Low-carbon and low-alloy steels have been widely used as structural materials due to their excellent engineering properties. However, when these two kinds of construction steels exposed to atmospheric corrosion environment, they are prone to be attacked and corrosion will result in potential safety problems and economic losses [1,2]. Many methods including multi-alloying, coatings and inhibitors have been investigated to decelerate the steel corrosion [3,4,5,6]. Among them, multi-alloying is an effective method to decrease destructive corrosion. Valid chemical elements such as Cu, P, Cr and Ni are proved effective in preventing atmospheric corrosion with a rising cost [3,7,8]. Considering the economic and environmental reasons, attention has been paid to the development of cheaper alloying technologies applied to materials.

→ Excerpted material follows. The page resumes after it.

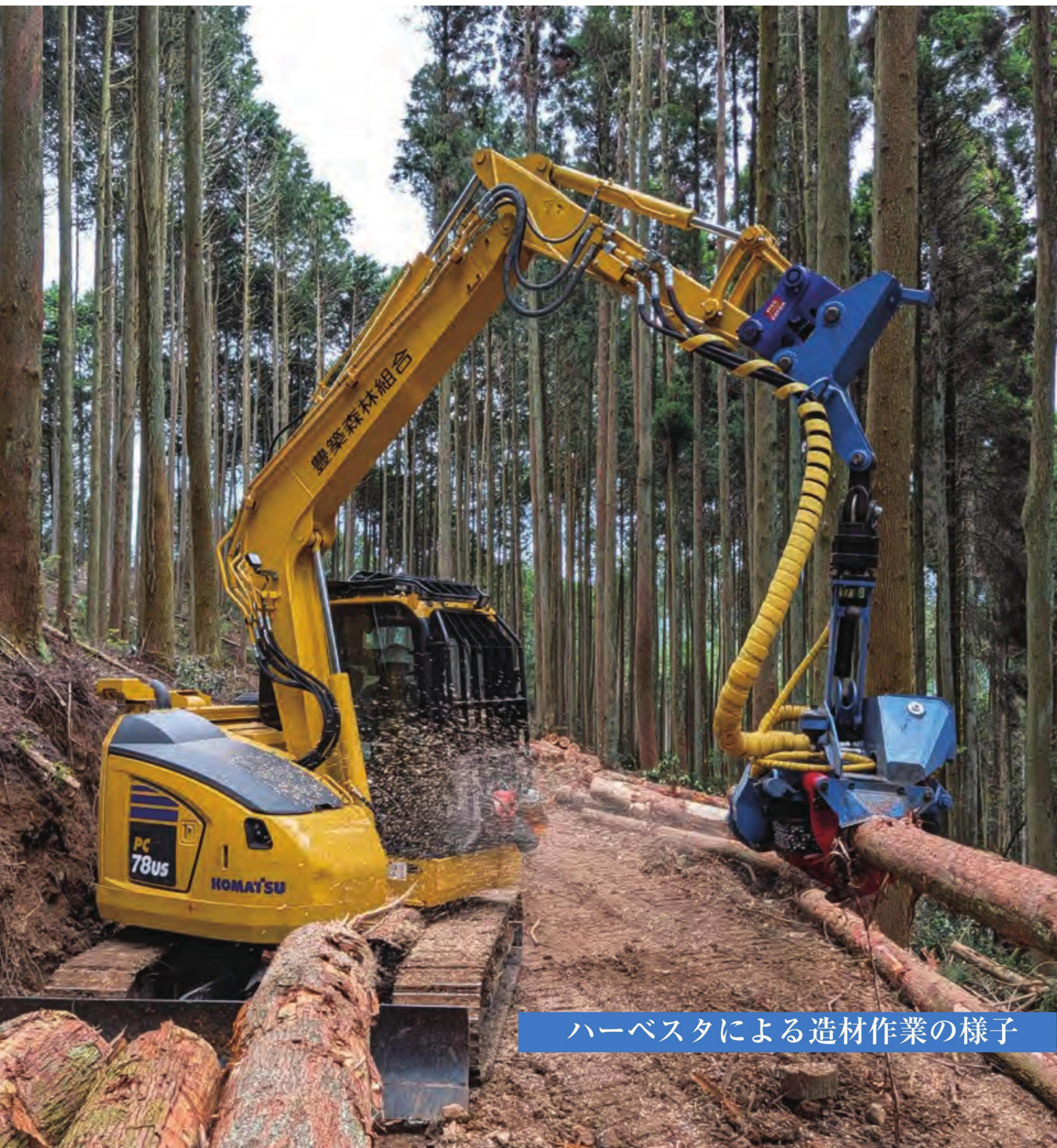
ハーベスタによる造材作業の様子

In recent years, many studies have shown that rare earth (RE) elements can not only purify molten steels but also modify inclusions due to their strong affinity for oxygen and sulfur [9,10]. Inclusions are considered to have negative effects on the corrosion properties of steels [11]. The atmospheric corrosion originates from pitting corrosion and spreads to the entire surface to form uniform corrosion. It is well-known that manganese sulfide (MnS) often provides initiation sites for pitting corrosion and aluminium oxide (Al2O3) has also been considered to cause destructive effects on corrosion resistance of steels [12,13,14]. The addition of RE has been reported to capture sulfur to form RE inclusions and inhibits the formation of MnS [11,15,16]. In addition, RE element is active and probably enriched at the interfaces such as grain boundaries or surfaces due to the big difference of atomic radius between RE and iron [17,18,19]. The microstructure and corrosion properties are changed because of the concentration of RE elements at grain boundaries, which affects the diffusion of other elements and restrain the nucleation and growth of new phases [20,21]. RE also segregates towards interfaces, which is considered as the micro-alloying effect, though it differs from what is commonly thought as solid solution effect.

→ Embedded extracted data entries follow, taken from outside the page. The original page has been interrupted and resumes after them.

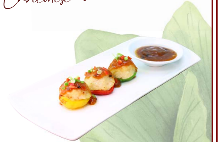
Deep Fried Bell Pepper 🌶️ 🌿 🐷 🥚 Shrimp with black bean Sauce (3 pcs.) พริกสามสียัดไส้กุ้งเจียนซอสดำ THB 160.-
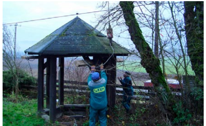
Stěhování střechy rumpálu
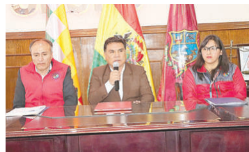
Desde hace 8 años, el departamento no cuenta con crecimiento vegetativo, informó el gobernador Johnny Vedia

Desde la autoridad departamental se espera que esta unificación ayude a "ordenar la estructura" y mejore la atención en salud a la población. Por su parte, el Sedes presentó un informe técnico donde se especifica el déficit por niveles de atención. El primer nivel requiere 786 trabajadores entre personal médico, enfermería, técnicos y administrativos.
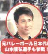
元バレーボール日本代表 山本隆弘選手も参加!
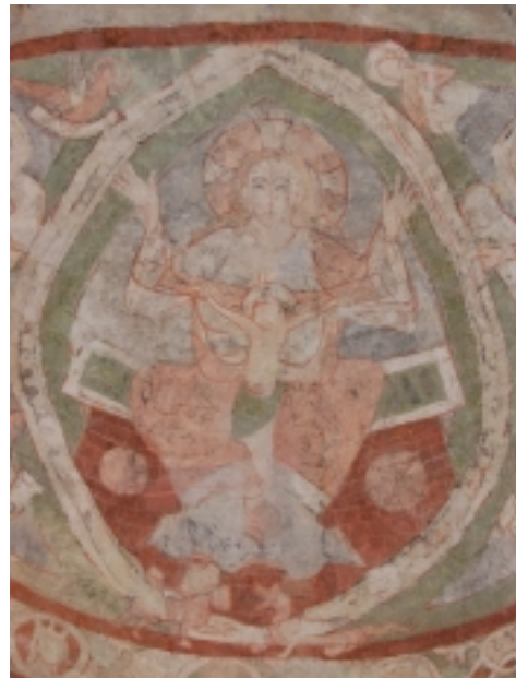
BŮH OTEC A KRISTUS

V dubnu 2009 byla, pod záštitou kardinála Miloslava Vlk a senátora Jana Nádvorníka, vyhlášena veřejná sbírka za účelem zachrany pozdně přemyslovských fresek. Ze stejného důvodu uspořádala kronikářka na radnici Městské části Praha 15, kam Hostivař patří, výstavu fotografií o průběhu odhalování fresek a Základní umělecká škola Hostivař benefiční koncert. V současné době je na účtu, díky lidem dobré vůle, na sto tisíc korun.

Although many investigators have shown effects of RE elements on microstructure and inclusions in steels, few studies have focused on the influence of RE alloying such as segregation of RE atoms in steels under wet-dry cycle immersion conditions. Two common construction steels including Q235B and Q355B steels were chosen to be the experimental steels. This paper elucidates how RE increased the corrosion performance under wet-dry cycle immersion tests. Scanning electron microscopy-energy dispersive spectroscopy (SEM-EDS), electron probe microanalysis (EPMA) and auger electron spectroscopy (AES) were conducted to investigate the mechanism of improving corrosion resistance by the method of RE alloying.

2. Experimental

Two kinds of steels were selected as experimental samples marked as Q235B and Q355B. A certain amount of RE elements (Ce and La) were added into these two modified steels and were marked as Q235BM and Q355BM. The alloys were melted into ingots and then hot rolled into steel plates (300 mm × 1000 mm). The average chemical composition of final experimental steels is listed in Table 1.

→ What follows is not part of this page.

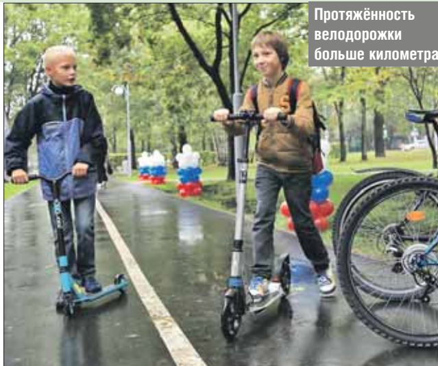
Протяжённость велодорожки больше километра

— Нашей дружбе с Москвой уже много лет. Власти столицы, все префектуры всегда оказывали помощь Севастополю и Черноморскому флоту, поддерживали добрые, хорошие отноше-

Three parallel samples (45 mm × 55 mm × 3 mm) were prepared for calculating the rate of corrosion weight loss under wet-dry cycle immersion tests. Immersion tests were undertaken at 45 °C in a solution of 0.01 mol/L NaHSO3. One immersion cycle included 15 min of infiltration and 45 min of exposure. The test durations were determined as 24 h, 48 h, 96 h and 144 h. Before immersion tests were conducted, the specimens were cleaned ultrasonically and weighed in a dry environment. Part of rust was scraped off for X-ray diffractometer (XRD) analysis. After corrosion products were removed, the specimens were weighed to determine the mass loss. The rest rust on the surface were chemically moved in a specific solution (500 mL HCl + 500 mL distilled water + 3.5 g hexamethylenetetramine). After corrosion products were removed, the specimens were weighed to determine the mass loss.
Metallographic images were observed by optical microscopy (OM). The morphology of inclusions was observed using a thermal field scanning electron microscopy (SEM) and combined with energy dispersive X-ray spectroscopy (EDS). The surface micro-corrosion morphology of samples after 144 h of immersion tests was observed. Cross sections of the specimens were mounted in epoxy resin and sprayed with gold. Electron Probe Microanalysis (EPMA) was determined to quantitatively measure chemical composition of phases and element distribution of rust layers. The impact specimens of Q235BM and Q355BM were subjected to an impact test to obtain a brittle fracture at the temperature of −20 °C. The in-situ scanning Auger Electron Spectroscopy (AES) was used to analyze the change of RE concentration at different sputtering depths from the fracture surface. The ion beam with the energy of 2 keV covered an area of 2 mm × 2 mm and sputtered at intervals of 0.5 min.

3. Results and Discussion

Figure 1 displays the change of surfaces morphology during immersion tests. It is observed that double rust layers are formed on the surfaces of these steels. The outer rust layer is a porous rufous or tawny solid, while the inner layer is a dense black solid. It is found that more pores and local exfoliating of outer rust layer appear on the sample surface in Q235B and Q355B steels with the extension of test time. Observed from the sides of sample, the rust layer in Q235B and Q355B steels turns thicker obviously. Whereas, the rust layers of Q235BM and Q355BM steels are much thinner than those of Q235B and Q355B steels and are mainly composed of compact dark solid with a little loose tawny solid on the surface.
Corrosion rates obtained in wet-dry cycle immersion tests are shown in Figure 2. The corrosion rates (g·m−2·h−1) of these four steels are calculated from the following Equation (1) [22,23]:
W = G 0 G 1 S × t
where W means corrosion rate (g·m−2·h−1), G0 means initial weight of specimens before immersion test (g), G1 means weight of corroded specimens after removing surface corrosion products (g), S means initial total surface area of specimens (m2), t means test time (h). At the beginning of corrosion tests, corrosion rates of these two steels are high and tend to decrease with further corrosion due to a certain protective roles of rust layers formed on the surface [24]. Rust layers can effectively prevent the corrosive ions in the atmosphere from contacting the matrix. Corrosion rate of steels after RE alloying is lower than that before RE alloying. Furthermore, corrosion rate of Q355BM decreased faster than that of Q235BM, indicating RE alloying has a more obvious effect on low-alloy steels than low-carbon steels.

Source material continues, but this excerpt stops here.